Okay, I wrote this in 3rd period with my friend Laura. The slanted words mean she wrote them. Un-slanted means I wrote it. About halfway through class ended and I finished it later.
Disclaimer: Me: I do not own Twilight. Laura, do you own Twilight?
Laura: Of course, Aly, duh.
Me: Let's make them dance.
Laura: I command you all to dance!
Bella: We don't have to!
Alice: Yeah, you don't own us!
Emmett: You're a liar!
Me: Laura…
Laura: Okay, I don't own Twilight either…
All the Cullens were sitting in the living room. All except Carlisle who was still at work. Alice was glaring intently at the TV. She was staring at all of the new fashions and waiting to go on a shopping spree with Bella. "Bella!" she yelled at the top of her lungs. "We're going shopping!"
"No we're not," Bella said. Alice just laughed and grabbed Renesmee. "But I have your daughter," she said, laughing gleefully.
"Hey, give her back!" Bella shouted, chasing Alice around the room. But just then, the muffins Esme had been making jumped out of the oven and screamed, "We're freeeee!"
"What the hell!?" Emmett exclaimed as Esme ran out to the living room. (AN: Oooh, Laura wrote a bad wooooord!)
Rosalie jumped up and cackled loudly. "I brought the muffins to life!" she yelled.
Jasper tried to calm everyone down, but it was too much for him to handle.
Then, Aly (AN: Meeeee!) ran through the front door and sprayed Edward with anti-Evil Muffin spray, so that he at least would be safe from the evil muffins.
Alice glared at her, so Aly sprayed her too. Then Jasper filled her with love and generosity, so she sprayed everyone with anti-Evil Muffin spray, even the evil muffins, and they all ran away.
Then Rosalie admitted that she hadn't actually brought the muffins to life. But Aly had a BRILLIANT IDEA (AN: It could happen! Maybe…)! "Alice can see the future, so she would have seen this coming. She would have told you all unless it was ALICE HERSELF committing the crime!"
Everyone looked very impressed that Aly had come up with this brilliant idea all on her own.
Alice just shrugged. "I was focusing too hard on all the runways in Milan and Paris to see a couple of evil muffins."
Aly was sad. But then she had ANOTHER BRILLIANT IDEA! "Edward would have heard the culprit thinking about their evil scheme, and he would have told you all, unless it was EDWARD HIMSELF committing the crime!"

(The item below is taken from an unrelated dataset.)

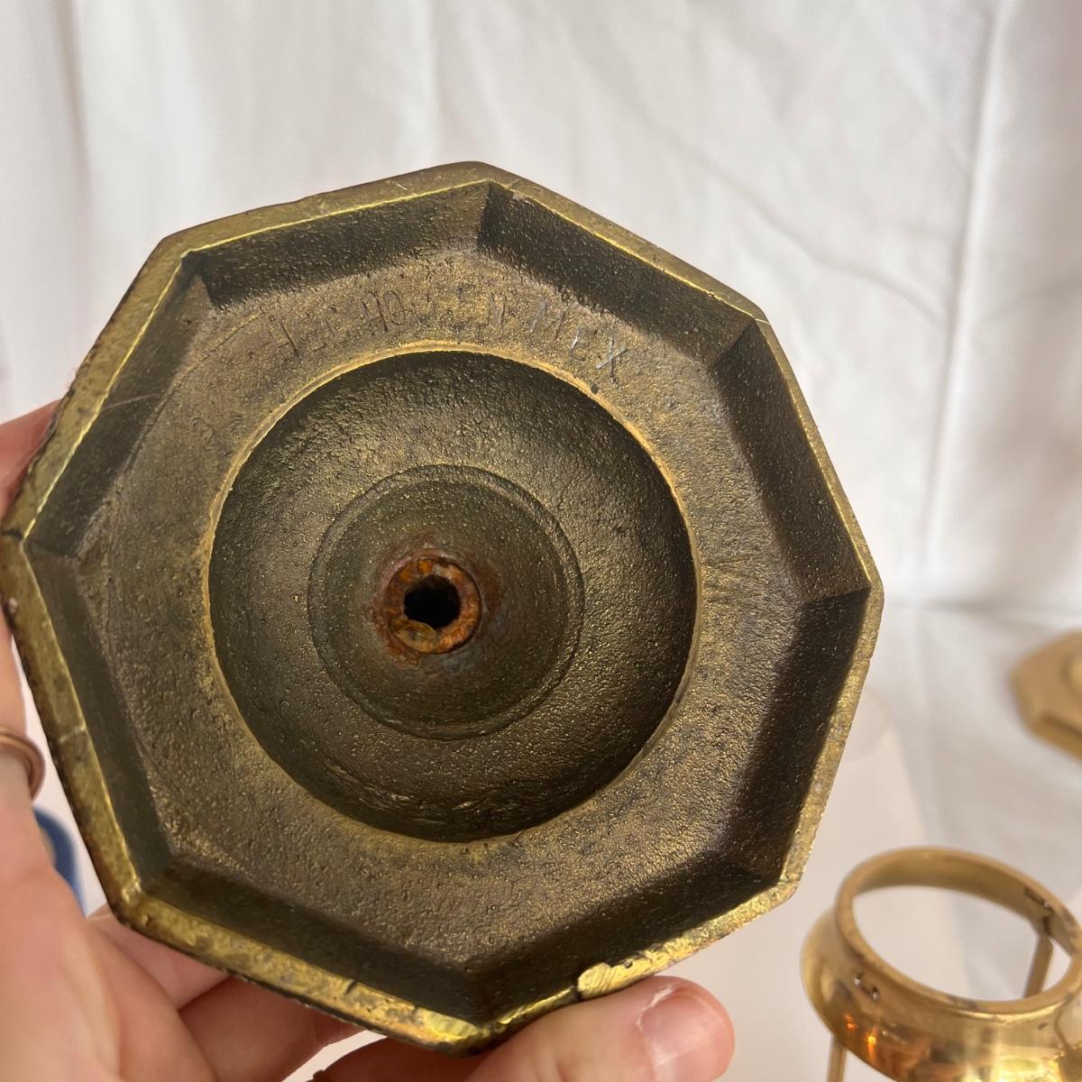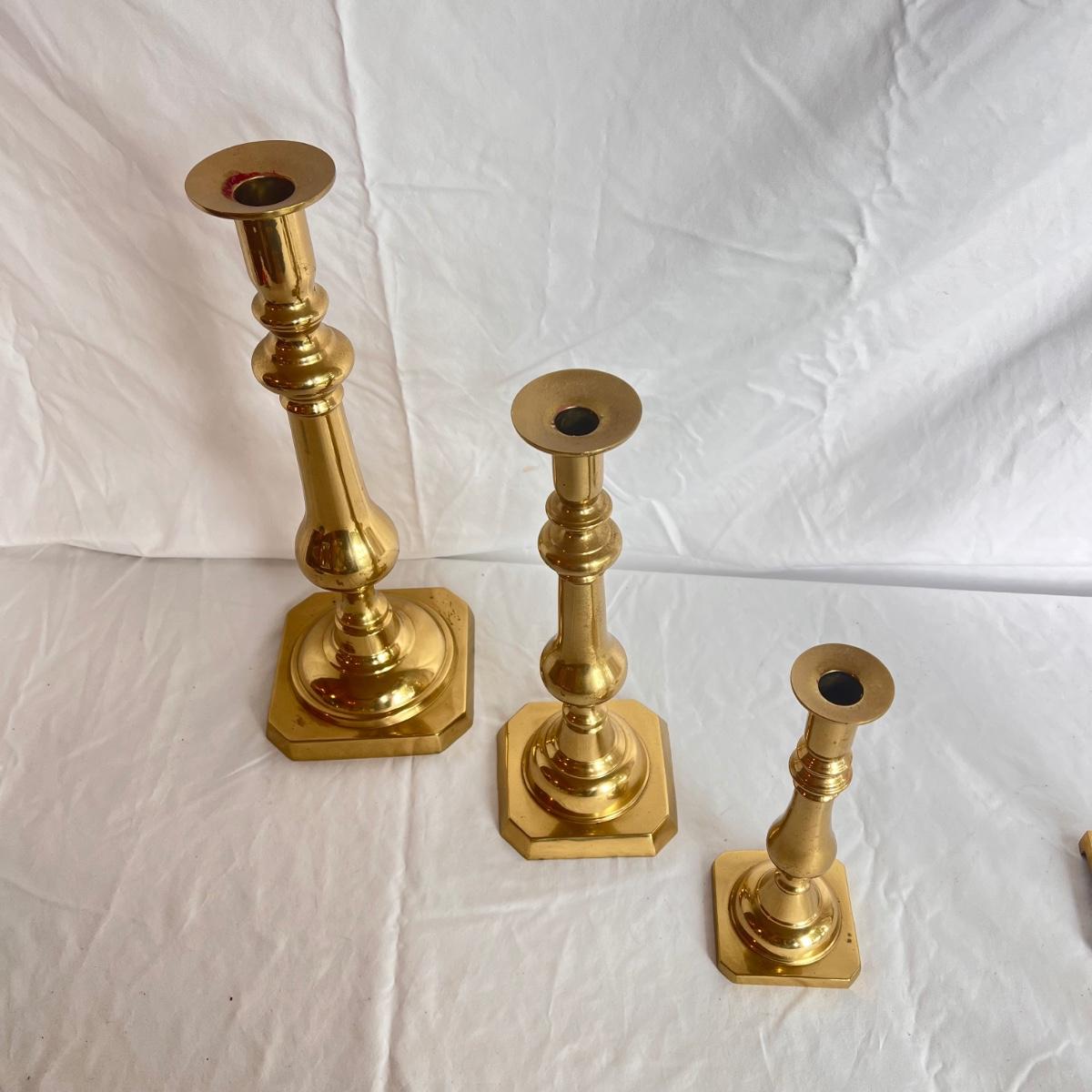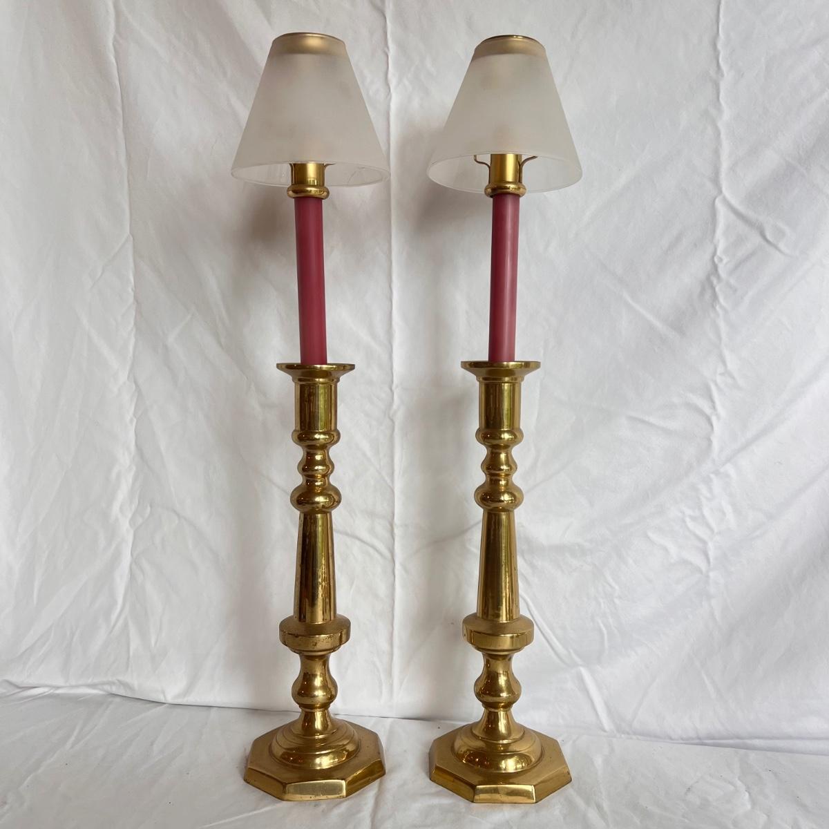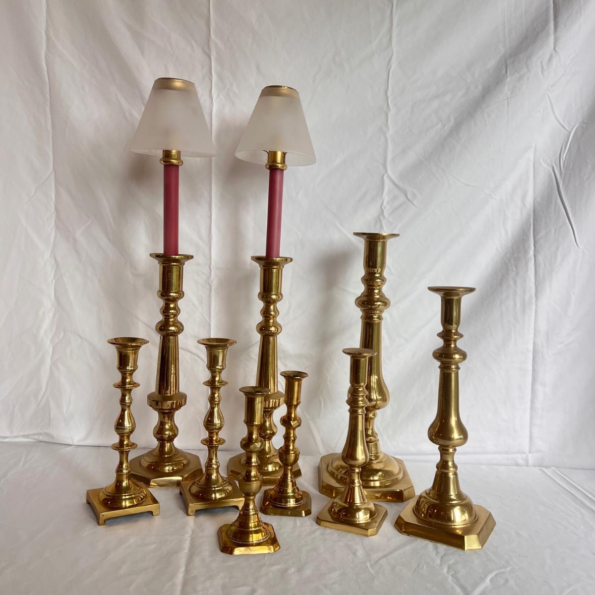 This lot includes eight brass candleholders in various sizes. Two of the candlestick holders have frosted glass lampshades with a brass base. One of the lampshades has a crack in it - see picture included. Some of the candlestick holders are stamped with “Harvin.” The other stamped brass holders are stamped, but not legible. The largest candlestick holders are the ones with their lampshades that measure 5” x 5” x 23”H. Shipping available.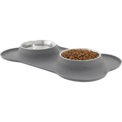 Frisco Double Stainless Steel Pet Bowl with Silicone Mat, Large, Gray, 1.75 Cups — Tip your hat to the virtually untippable Frisco’s Double Stainless Steel Pet Bowl with Silicone Mat. Designed to help prevent tipping over, these two removable stainless-steel bowls fit firmly into secure slots inside the silicone mat, which helps prevent spills too.

Edward looked offended. "I was with Nessie all day! And no one's been thinking about bringing muffins to life! They were all thinking perfectly normal thoughts!"
Aly was sad. Again. But then, she had ANOTHER BRILLIANT IDEA (I am so milking this as much as possible!)! "But if they were all thinking perfectly normal thoughts, they weren't blocking you out, so it must have been the only one whose mind Edward cant read. It was BELLA CULLEN!"
"Okay!" Bella yelled. It WAS me!'
"DUN DUN DUN DU-UN!"
"It was?" Aly said incredulously. "I mean, uh, um, yes! I knew it all along!"
"DUN DUN DUN DU-UN"
"It was me and my new boyfriend-"
"DUN DUN DUN DU-UN!"
"Esme," Emmett said, "Why are you doing that?"
"Sorry," Esme said.
"My new boyfriend, James!"
Just then, James, the sadistic vampire the Cullens they had when Bella was human, walked into their living room.
James grabbed Bella's hand, called together their army of evil muffins, and they skipped off into the sunset.
"DUN DUN DUN DU-UN!!!" Esme, Emmett, Rosalie, Jasper, Nessie, and Alice sang in unison.
"Bella!" Edward yelled. Then he shrugged. "Well," he said, "I'm off to Ital!"
"Bye Edward!" everyone yelled.
Aly was still stunned. "I-I actually solved the case of the evil muffins all by myself?"